__RECORDS FOR THIS EXERCISE__
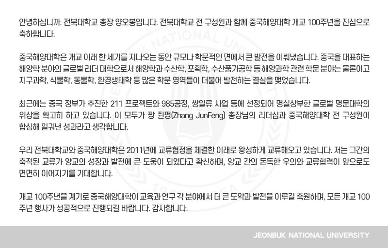 안녕하십니까. 전북대학교 총장 양오봉입니다. 전북대학교 전 구성원과 함께 중국해양대학 개교 100주년을 진심으로 축하합니다. 중국해양대학은 개교 이래 한 세기를 지나오는 동안 규모나 학문적인 면에서 큰 발전을 이뤄냈습니다. 중국을 대표하는 해양학 분야의 글로벌 리더 대학으로서 해양학과 수산학, 포획학, 수산품가공학 등 해양과학 관련 학문 분야는 물론이고 지구과학, 식물학, 동물학, 환경생태학 등 많은 학문 영역들이 더불어 발전하는 결실을 맺었습니다. 최근에는 중국 정부가 추진한 211 프로젝트와 985공정, 쌍일류 사업 등에 선정되어 명실상부한 글로벌 명문대학의 위상을 확고히 하고 있습니다. 이 모두가 짱 쥔펑(Zhang JunFeng) 총장님의 리더십과 중국해양대학 전 구성원이 합심해 일궈낸 성과라고 생각합니다. 우리 전북대학교와 중국해양대학은 2011년에 교류협정을 체결한 이래로 왕성하게 교류해오고 있습니다. 저는 그간의 축적된 교류가 양교의 성장과 발전에 큰 도움이 되었다고 확신하며, 양교 간의 돈독한 우의와 교류협력이 앞으로도 면면히 이어지기를 기대합니다. 개교 100주년을 계기로 중국해양대학이 교육과 연구 각 분야에서 더 큰 도약과 발전을 이루길 축원하며, 모든 개교 100주년 행사가 성공적으로 진행되길 바랍니다. 감사합니다.
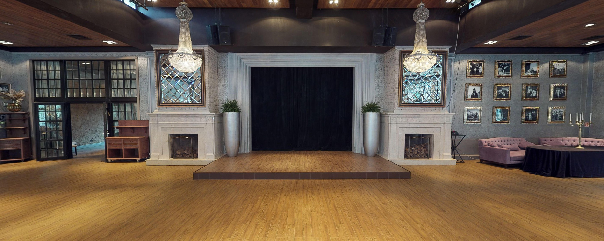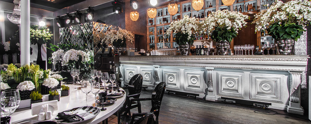 Пространство Шале едино: панорамные окна от пола до потолка, большие деревянные столы, уютные диваны, вокруг сцены два внушительных камина, на стенах трафаретная штукатурка.
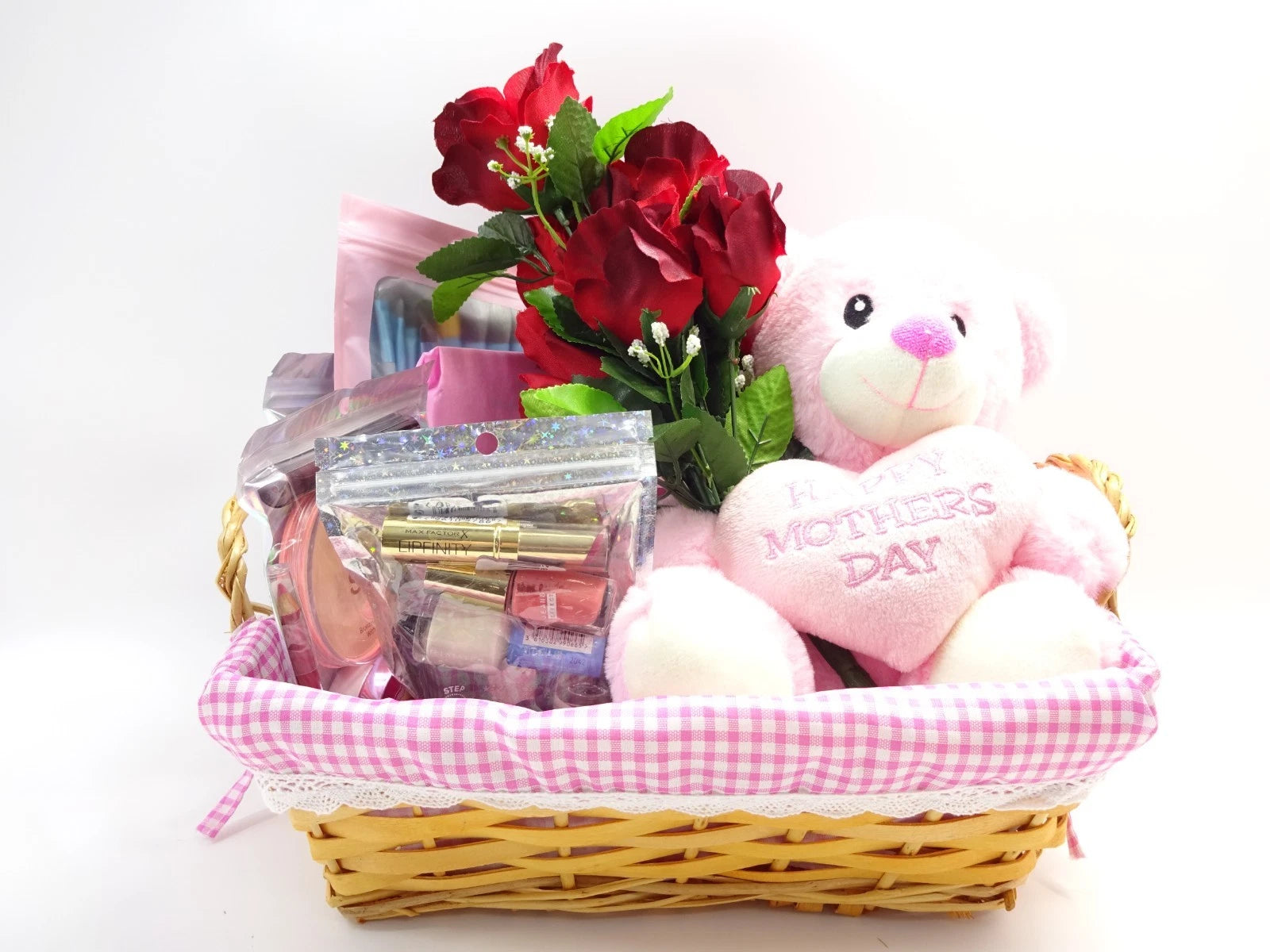 Inside sits a soft pink “Happy Mothers Day” teddy bear holding a heart cushion, accompanied by a bouquet of artificial red roses to add a timeless romantic touch. The hamper arrives fully assembled and beautifully wrapped — ready to gift immediately.
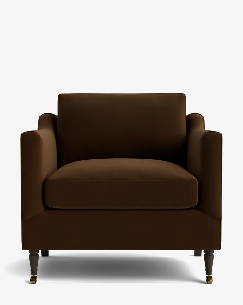 Our Lucille English Roll Arm Chair is a modern approach to a traditional design. Crafted with luxurious comfort in mind, its classic format features a down wrapped cushion for a perfectly stuffed look and feel. A bench-made alder wood frame adds durability to the design, as four oak wood tapered legs give this chair the ability to move around with ease. Completely customizable in a wide array of fabrics, make the chair your own with either a soft linen, or high performance crypton.
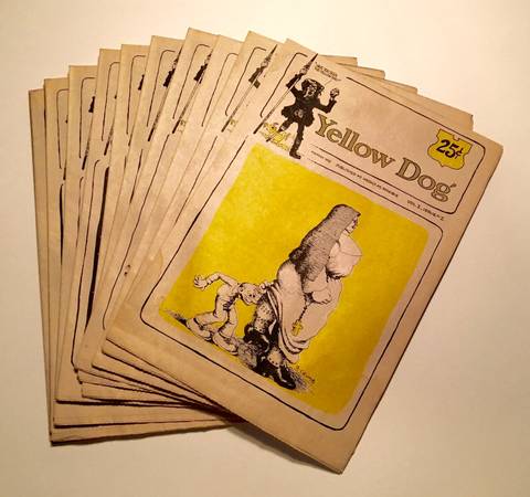 Yellow Dog started out as a tabloid-size fold-out newsprint broadsheet with black-and-white interiors featuring some yellow spot color, published by the Print Mint in Berkeley, California. It published 22 issues from 1968 to 1973, featuring many of the period's most prolific and legendary underground cartoonists, including Robert Crumb, Joel Beck, Robert Williams, Rick Griffin, Greg Irons, and Trina Robbins. Crumb contributed to many of the seminal works of the underground comix movement in the 1960s.
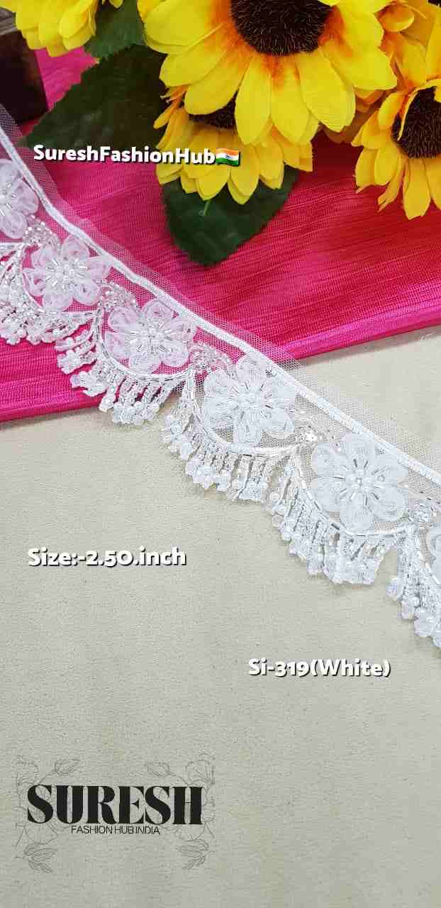 The *SI-319 fringe lace* beautifully blends floral elegance with a stylish hanging effect, making it ideal for modern ethnic and couture designs. Its movement, shine, and detailing make it a standout choice for premium fashion.
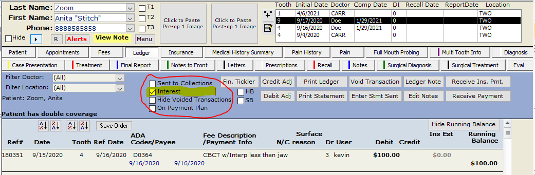 Note: Since charging interest could potentially charge a large group of patients with an aging balance, if there are patients that you do not wish to charge interest, you can go to their ledger, and uncheck the “Interest” box.
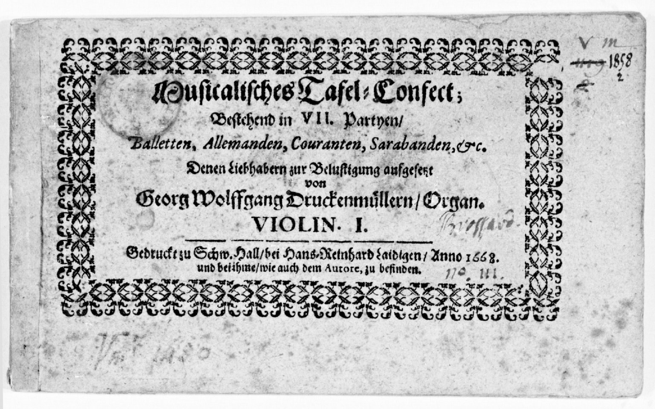 - Musicalisches Tafel-Confect; bestehend in VII. Partyen, Balletten, Allemanden, Couranten, Sarabanden, &c. denen Liebhabern zur Belustigung aufgesetzt von Georg Wolfgang Druckenmüllern, Organ.</span>
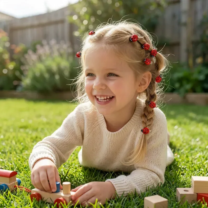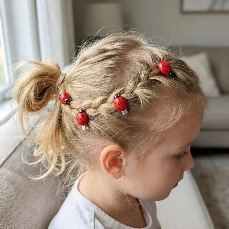 Alegria Instantânea - Formatos coloridos de joaninha transformam tranças simples em histórias mágicas. Reações felizes aparecem imediatamente, tornando fotos, festas e passeios ainda mais especiais.
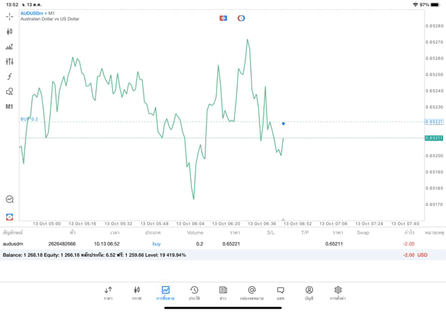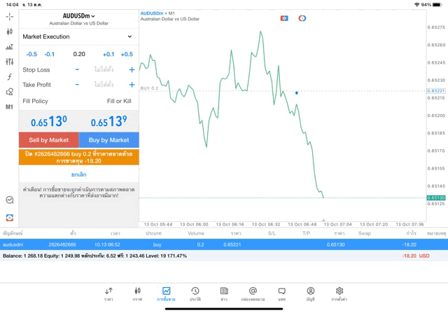 การเทรด Forex AUDUSDm 0.2 lot แอพ MT5
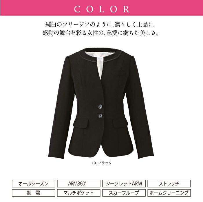 他の画像を見る 一日中美しく、動きやすく。上品な色香が漂うジャケット。静電気を防ぐ制電加工でお客様と接するときも安心。ホームクリーニング カーシーカシマ ジャケット EAJ-513【ENJOY】 事務服 レディース 女性用 制服 ユニフォーム 本体価格 ¥ 17,160 税込 カートに入れる お気に入りに登録する
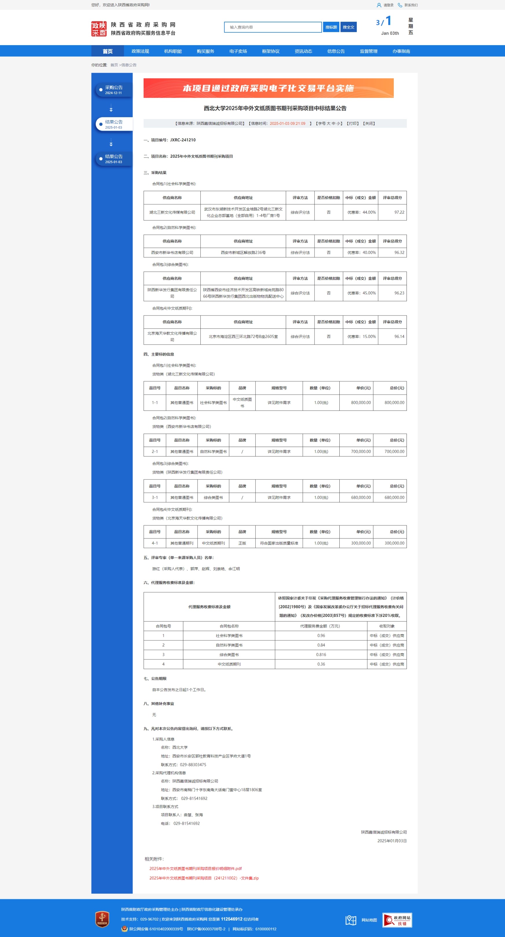 伟德国际1949始于英国2025年中外文纸质图书期刊采购项目中标结果公告 作者: 编辑:薛利娟 时间:2025-01-03 原公告链接:https://www.ccgp-shaanxi.gov.cn/freecms/site/shaanxi/ggxx/info/2025/8a69c95d921859f0019429b635ac1b8f.html?noticeType=001021¬iceId=ac9e64e8-c972-11ef-8063-08c0eb20c666
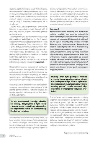 rządzania, opłaty licencyjne, nadzór technologiczny, finansowy, odsetki od kredytów wewnętrznych). Innymi słowy inwestorzy zagraniczni sprzedają do swoich spółek produkcyjnych zlokalizowanych w mniej zamożnych krajach innowacyjne rozwiązania, patenty, licencje, usługi IT, finansowe, marketingowe. Jak to się odbywa? 1. spółka matka, obciąża produkcyjną spółkę córkę, fakturami za ww. usługi, co może stanowić od 5-30 proc. ceny produktu, a spółka córka sama sprzedaje produkt na rynku. 2. spółka produkcyjna, zlokalizowana w Polsce sprzedaje produkt do Spółki Matki (np. do Danii). Następnie spółka matka odsprzedaje ten produkt do swojej spółki dystrybucyjnej w Polsce z narzutem (np. 30%) a spółka dystrybucyjna oferuje produkt polskim klientom. Uzyskane w ten sposób środki, zagraniczne koncerny odprowadzają do rodzimego kraju i wówczas płacimy najdroższy dla nas podatek (tzw. podatek od biedy), który nigdy do nas nie wróci. Przykładową strukturę kosztów produkcji w cenie jednostkowej produktu pokazano na rysunku 3. Działalność inwestorów zagranicznych pozytywnie wpływa na wzrost polskiego PKB jeśli wartość wyprodukowanych przez nich w Polsce towarów, wyeksportowanych następnie za granicę, jest większa w porównaniu z wartością towarów sprzedanych na rynku krajowym (porównując wartość dodaną). Reasumując: jeśli za zarobione w kraju pieniądze konsumujemy towary z importu, „pomniejszamy” w Polsce PKB (portfel narodowy). Podobnie dzieje się jeśli kupujemy produkt zawierający znaczną ilość wartości dodanej z importu.
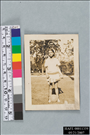STORER COLLEGE STUDENT, EVELYN HARVEY TAKEN IN 1934 ON STORER COLLEGE CAMPUS. MISS HARVEY IS DRESSED IN A BASKETBALL UNIFORM CONSISTING EITHER OF A SHORT SKIRT OR SHORTS AND A SHORT SLEEVE, V-NECK JERSEY. SHE IS HOLDING A TRIANGULAR SHAPED PENNANT WITH THE LETTERS "S C" IN HER HANDS. THE PENNANT HAS A MEDIUM COLOR BACKGROUND WITH WHITE LETTERS AND WHITE TRIM ON THE STRAIGHT END AND FASTENED TO A STAFF ON THE STRAIGHT END. SEE CAT. #S, 11398,11400,11401.'
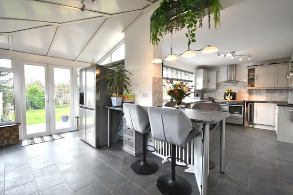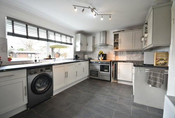 13' 08" x 10' 00" (4.17m x 3.05m) Tiled flooring, window to rear aspect, a range of base and wall cabinets with worktops over, ceramic sink with mixer tap over,space for range style cooker, space for washing machine, integrated wine cooler, breakfast bar, radiator
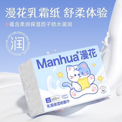 宝子们看过来!漫花乳霜纸3包,触感如云朵般柔软,擦鼻子不泛红,感冒、过敏时用它,给肌肤超温柔的呵护~
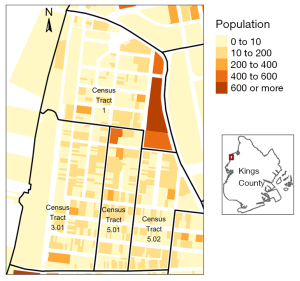 For this study, we developed a set of maps of social vulnerability for flooding by census tract in New York City (Figure 1) that includes two different types of flood exposure (coastal and pluvial) of two different intensities (moderate and extreme), hazard-sensitive populations, and common resource adaptive capacity facilities or services. We used census tracts for the 2020 U.S. Census extracted from the National Historical Geographic Information System (NHGIS) (see https://www.nhgis.org/). The NHGIS provides easy access to summary tables and time series of population, housing, agriculture, and economic data, along with Geographic Information System (GIS)-compatible boundary files, for years from 1790 through the present and for all levels of U.S. Census Bureau geography, including states, counties, tracts, and blocks.
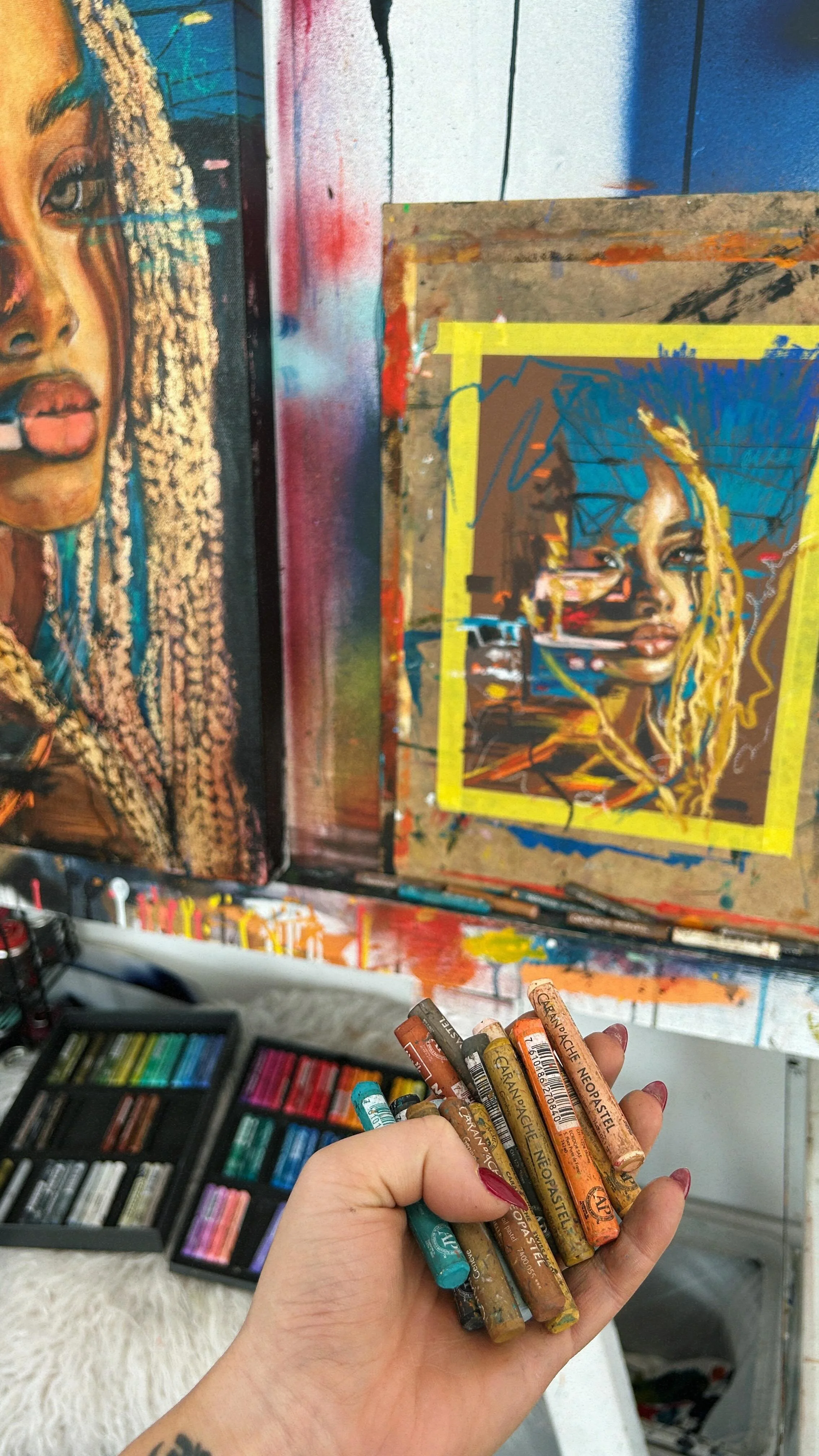 A creative to her core, she creates vibrant, empowering works that explore strength, vulnerability, and self-acceptance.
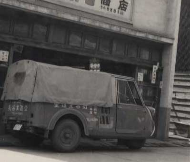 店頭風景。車は、マツダの K360。タイヤが三つしかない三輪車タイプの車です。

__BRIEF__
Repeat the whole listing above word for word. Leave out the pictures.

__EXERCISE RESPONSE__
 안녕하십니까. 전북대학교 총장 양오봉입니다. 전북대학교 전 구성원과 함께 중국해양대학 개교 100주년을 진심으로 축하합니다. 중국해양대학은 개교 이래 한 세기를 지나오는 동안 규모나 학문적인 면에서 큰 발전을 이뤄냈습니다. 중국을 대표하는 해양학 분야의 글로벌 리더 대학으로서 해양학과 수산학, 포획학, 수산품가공학 등 해양과학 관련 학문 분야는 물론이고 지구과학, 식물학, 동물학, 환경생태학 등 많은 학문 영역들이 더불어 발전하는 결실을 맺었습니다. 최근에는 중국 정부가 추진한 211 프로젝트와 985공정, 쌍일류 사업 등에 선정되어 명실상부한 글로벌 명문대학의 위상을 확고히 하고 있습니다. 이 모두가 짱 쥔펑(Zhang JunFeng) 총장님의 리더십과 중국해양대학 전 구성원이 합심해 일궈낸 성과라고 생각합니다. 우리 전북대학교와 중국해양대학은 2011년에 교류협정을 체결한 이래로 왕성하게 교류해오고 있습니다. 저는 그간의 축적된 교류가 양교의 성장과 발전에 큰 도움이 되었다고 확신하며, 양교 간의 돈독한 우의와 교류협력이 앞으로도 면면히 이어지기를 기대합니다. 개교 100주년을 계기로 중국해양대학이 교육과 연구 각 분야에서 더 큰 도약과 발전을 이루길 축원하며, 모든 개교 100주년 행사가 성공적으로 진행되길 바랍니다. 감사합니다.
 Пространство Шале едино: панорамные окна от пола до потолка, большие деревянные столы, уютные диваны, вокруг сцены два внушительных камина, на стенах трафаретная штукатурка.
 Inside sits a soft pink “Happy Mothers Day” teddy bear holding a heart cushion, accompanied by a bouquet of artificial red roses to add a timeless romantic touch. The hamper arrives fully assembled and beautifully wrapped — ready to gift immediately.
 Our Lucille English Roll Arm Chair is a modern approach to a traditional design. Crafted with luxurious comfort in mind, its classic format features a down wrapped cushion for a perfectly stuffed look and feel. A bench-made alder wood frame adds durability to the design, as four oak wood tapered legs give this chair the ability to move around with ease. Completely customizable in a wide array of fabrics, make the chair your own with either a soft linen, or high performance crypton.
 Yellow Dog started out as a tabloid-size fold-out newsprint broadsheet with black-and-white interiors featuring some yellow spot color, published by the Print Mint in Berkeley, California. It published 22 issues from 1968 to 1973, featuring many of the period's most prolific and legendary underground cartoonists, including Robert Crumb, Joel Beck, Robert Williams, Rick Griffin, Greg Irons, and Trina Robbins. Crumb contributed to many of the seminal works of the underground comix movement in the 1960s.
 The *SI-319 fringe lace* beautifully blends floral elegance with a stylish hanging effect, making it ideal for modern ethnic and couture designs. Its movement, shine, and detailing make it a standout choice for premium fashion.
 Note: Since charging interest could potentially charge a large group of patients with an aging balance, if there are patients that you do not wish to charge interest, you can go to their ledger, and uncheck the “Interest” box.
 - Musicalisches Tafel-Confect; bestehend in VII. Partyen, Balletten, Allemanden, Couranten, Sarabanden, &c. denen Liebhabern zur Belustigung aufgesetzt von Georg Wolfgang Druckenmüllern, Organ.</span>
 Alegria Instantânea - Formatos coloridos de joaninha transformam tranças simples em histórias mágicas. Reações felizes aparecem imediatamente, tornando fotos, festas e passeios ainda mais especiais.
 การเทรด Forex AUDUSDm 0.2 lot แอพ MT5
 他の画像を見る 一日中美しく、動きやすく。上品な色香が漂うジャケット。静電気を防ぐ制電加工でお客様と接するときも安心。ホームクリーニング カーシーカシマ ジャケット EAJ-513【ENJOY】 事務服 レディース 女性用 制服 ユニフォーム 本体価格 ¥ 17,160 税込 カートに入れる お気に入りに登録する
 伟德国际1949始于英国2025年中外文纸质图书期刊采购项目中标结果公告 作者: 编辑:薛利娟 时间:2025-01-03 原公告链接:https://www.ccgp-shaanxi.gov.cn/freecms/site/shaanxi/ggxx/info/2025/8a69c95d921859f0019429b635ac1b8f.html?noticeType=001021¬iceId=ac9e64e8-c972-11ef-8063-08c0eb20c666
 rządzania, opłaty licencyjne, nadzór technologiczny, finansowy, odsetki od kredytów wewnętrznych). Innymi słowy inwestorzy zagraniczni sprzedają do swoich spółek produkcyjnych zlokalizowanych w mniej zamożnych krajach innowacyjne rozwiązania, patenty, licencje, usługi IT, finansowe, marketingowe. Jak to się odbywa? 1. spółka matka, obciąża produkcyjną spółkę córkę, fakturami za ww. usługi, co może stanowić od 5-30 proc. ceny produktu, a spółka córka sama sprzedaje produkt na rynku. 2. spółka produkcyjna, zlokalizowana w Polsce sprzedaje produkt do Spółki Matki (np. do Danii). Następnie spółka matka odsprzedaje ten produkt do swojej spółki dystrybucyjnej w Polsce z narzutem (np. 30%) a spółka dystrybucyjna oferuje produkt polskim klientom. Uzyskane w ten sposób środki, zagraniczne koncerny odprowadzają do rodzimego kraju i wówczas płacimy najdroższy dla nas podatek (tzw. podatek od biedy), który nigdy do nas nie wróci. Przykładową strukturę kosztów produkcji w cenie jednostkowej produktu pokazano na rysunku 3. Działalność inwestorów zagranicznych pozytywnie wpływa na wzrost polskiego PKB jeśli wartość wyprodukowanych przez nich w Polsce towarów, wyeksportowanych następnie za granicę, jest większa w porównaniu z wartością towarów sprzedanych na rynku krajowym (porównując wartość dodaną). Reasumując: jeśli za zarobione w kraju pieniądze konsumujemy towary z importu, „pomniejszamy” w Polsce PKB (portfel narodowy). Podobnie dzieje się jeśli kupujemy produkt zawierający znaczną ilość wartości dodanej z importu.
STORER COLLEGE STUDENT, EVELYN HARVEY TAKEN IN 1934 ON STORER COLLEGE CAMPUS. MISS HARVEY IS DRESSED IN A BASKETBALL UNIFORM CONSISTING EITHER OF A SHORT SKIRT OR SHORTS AND A SHORT SLEEVE, V-NECK JERSEY. SHE IS HOLDING A TRIANGULAR SHAPED PENNANT WITH THE LETTERS "S C" IN HER HANDS. THE PENNANT HAS A MEDIUM COLOR BACKGROUND WITH WHITE LETTERS AND WHITE TRIM ON THE STRAIGHT END AND FASTENED TO A STAFF ON THE STRAIGHT END. SEE CAT. #S, 11398,11400,11401.'
 13' 08" x 10' 00" (4.17m x 3.05m) Tiled flooring, window to rear aspect, a range of base and wall cabinets with worktops over, ceramic sink with mixer tap over,space for range style cooker, space for washing machine, integrated wine cooler, breakfast bar, radiator
 宝子们看过来!漫花乳霜纸3包,触感如云朵般柔软,擦鼻子不泛红,感冒、过敏时用它,给肌肤超温柔的呵护~
 For this study, we developed a set of maps of social vulnerability for flooding by census tract in New York City (Figure 1) that includes two different types of flood exposure (coastal and pluvial) of two different intensities (moderate and extreme), hazard-sensitive populations, and common resource adaptive capacity facilities or services. We used census tracts for the 2020 U.S. Census extracted from the National Historical Geographic Information System (NHGIS) (see https://www.nhgis.org/). The NHGIS provides easy access to summary tables and time series of population, housing, agriculture, and economic data, along with Geographic Information System (GIS)-compatible boundary files, for years from 1790 through the present and for all levels of U.S. Census Bureau geography, including states, counties, tracts, and blocks.
 A creative to her core, she creates vibrant, empowering works that explore strength, vulnerability, and self-acceptance.
 店頭風景。車は、マツダの K360。タイヤが三つしかない三輪車タイプの車です。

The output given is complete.